Look for the line that has "花王妙而舒纸尿裤新生婴儿NB/S/M/L/XL*2官方尿不湿布片拉拉裤" in the material below; please repeat it and every line after it, exactly, up to and including the line that has "A custom name", and nothing else.

EXERCISE MATERIAL
----------------------------------------
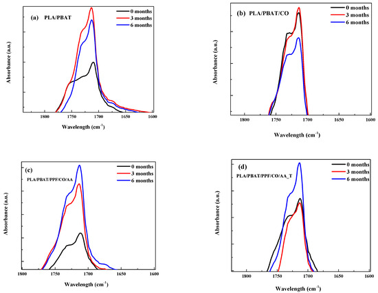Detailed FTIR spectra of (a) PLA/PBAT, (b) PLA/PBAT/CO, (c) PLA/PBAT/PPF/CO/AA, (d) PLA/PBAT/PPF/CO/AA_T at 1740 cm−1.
----------------------------------------
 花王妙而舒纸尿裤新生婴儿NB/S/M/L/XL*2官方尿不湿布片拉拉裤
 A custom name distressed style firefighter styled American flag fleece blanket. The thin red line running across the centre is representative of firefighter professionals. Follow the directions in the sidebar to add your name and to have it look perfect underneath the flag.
----------------------------------------
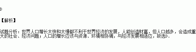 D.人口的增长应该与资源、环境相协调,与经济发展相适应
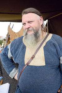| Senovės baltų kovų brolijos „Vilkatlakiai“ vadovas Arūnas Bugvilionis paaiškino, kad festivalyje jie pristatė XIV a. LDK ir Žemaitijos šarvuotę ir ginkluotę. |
----------------------------------------
EXERCISE RESULT
 花王妙而舒纸尿裤新生婴儿NB/S/M/L/XL*2官方尿不湿布片拉拉裤
 A custom name distressed style firefighter styled American flag fleece blanket. The thin red line running across the centre is representative of firefighter professionals. Follow the directions in the sidebar to add your name and to have it look perfect underneath the flag.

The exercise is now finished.